Celebración de los 50 años de ordenación sacerdotal de Monseñor Nicolás Cotugno
Mons. Nicolás Cotugno / Fuente: Fernando Polvarini

El miércoles 26 de julio, en la Catedral Metropolitana, la Iglesia celebró los 50 años de la ordenación sacerdotal de Monseñor Nicolás Cotugno, Arzobispo emérito de la Arquidiócesis de Montevideo. La Eucaristía fue presidida por el propio Monseñor Nicolás Cotugno y concelebrada por varios obispos del Uruguay, entre ellos el Cardenal Daniel Sturla. La Misa fue acompañada por medio millar de personas que quisieron estar cerca de quien durante 15 años fue pastor de la Iglesia montevideana.

“Jesús es la única meta de salvación de la humanidad”

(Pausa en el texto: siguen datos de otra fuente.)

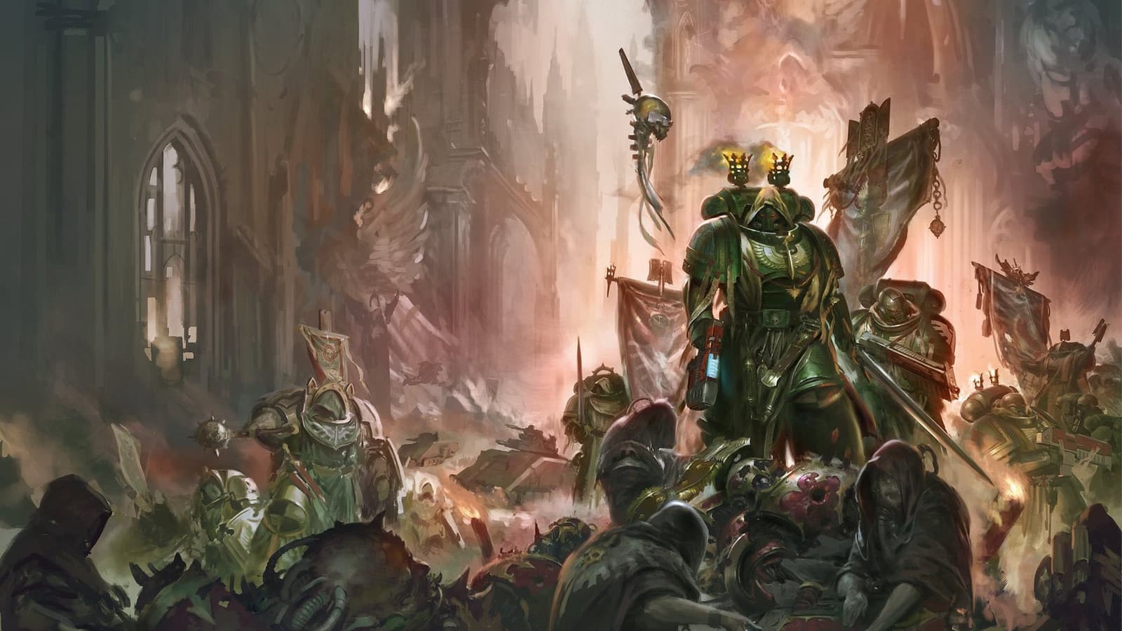 Находки датамайнеров обобщил аккаунт Fumo Leaks в Twitter. Первыми на очереди стоят загрузочные экраны. На одном из них изображены космические пехотинцы, представляющие орден Темных Ангелов, во время битвы на планете Писцина IV. Есть также сестры из Адепта Сороритас в виде обложки из книги Pilgrims of Fire.

Al comenzar la homilía, Mons. Nicolás Cotugno quiso agradecer al Cardenal Daniel Sturla y en él “a todos los presentes por acompañarme en esta acción de gracias”. También se dirigió especialmente “a María, la Purísima Inmaculada Concepción” para que “nos ayude a ser sacramento de salvación, siendo signo e instrumentos de Cristo Jesús Resucitado, sumo y eterno sacerdote”.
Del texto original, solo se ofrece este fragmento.